Она почувствовала, как по телу от горящих пунцовых щек и до икр ног разлился крапивный холод. Становилось боязно, и вместе с тем она чего-то ждала…

– Тима, милый, родной мой! Страшно мне!

– Дашенька!..

– Пожалей меня, прогони.

VI

Закатилось солнце, и потянуло освежающим ветерком с Амыла. Дарьюшка лежала на траве сосредоточенная, упорно и настойчиво разглядывая, как полыхала огненными космами рыжая борода неба, кроваво-красными полосами вспыхивая возле горизонта. «Я – женщина, его жена, – думала Дарьюшка, насыщаясь новым, загадочным чувством. – Что будет, боже мой! Убьет отец, если узнает. Ах, все равно!..»

Дарьюшка шла домой с чувством тихой подавленности, захороненной в сердце виноватости.

Над Белой Еланью сгасли сумеречные краски и отечно посинело небо.

Мать встретила Дарьюшку в сенях.

– Осподи, полуночница заявилась. Где была-то? Парнишку посылала к бабке Ефимии, тебя там не было.

– Купалась в Амыле.

– На ночь глядя? С ума сошла, – встревожилась мать, рослая, полная, с сонно подпухшими глазами. – То ей тесно в доме, то гонит ее кто-то на Амыл. Места себе не сыщешь.

Квасом пропахшие сени опеленали сонным холодком. Хотелось пить, пить, чтоб залить огонь и стыд, разлитый по телу.

– Пьешь-то как, Осподи! – стояла за спиною мать. – И все-то тебе не по нраву в родительском доме. Не в Дуню ли удалась? Та росла, оборони Бог, до чего отчаянная. И бил ее отец, грешным делом, а ей все неймется, шалой.

– За что бил-то?

– За жадность ее.
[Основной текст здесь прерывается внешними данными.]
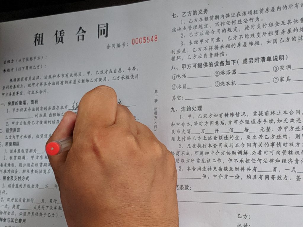 定下来房子后就是签合同了,交三押一,就是一次性交三个月的房租,然后每三个月交一次房租,水电气另外交,还要交1600×0.35=560的中介费。

Всех парней готова была перевертеть, окаянная. Двойняшки вы у меня, а до чего разные, не приведи Господь Бог! Ту пришлось выдать замуж, и вот жалуется теперь – уйду, грит, от свово Кондратия. Не мужик, грит, а сухая ступа. В кого уродилась, ума не приложу!.. Заявилась вечор с прииска. Останусь дома, грит. Погоди же. Приедет отец, он ее проучит, лихорадку.

Мать прикоснулась к платью дочери.

– Платье-то отчего мокрехонько?

– Жарища такая… духота…

– Чудишь!

В горенке встретила Дуню. Такая же черноглазая, статная, успевшая нарядиться в Дарьюшкино городское платье и фильдекосовые чулки, она похаживала из угла в угол.

– Сестренка! Чертушечка! – кинулась Дуня на шею Дарьюшке. – Знаешь, чертушечка, убежала я от Кондратия!.. Взялся еще учить меня, увалень!.. Мало ему, лобастому дьякону, мово приданого!..

– Почему дьякону?

– Истый дьякон.

Муж Дуни Юсковой, Кондратий Урванов, заведовал горными работами на Благодатном прииске золотопромышленника Ухоздвигова. Говорили, будто у Кондратия Урвана золота припрятано больше, чем у самого Ухоздвигова. На золото Урвана позарился Елизар Елизарович, выдав за него замуж свою непутевую доченьку, когда ей еще не исполнилось шестнадцать.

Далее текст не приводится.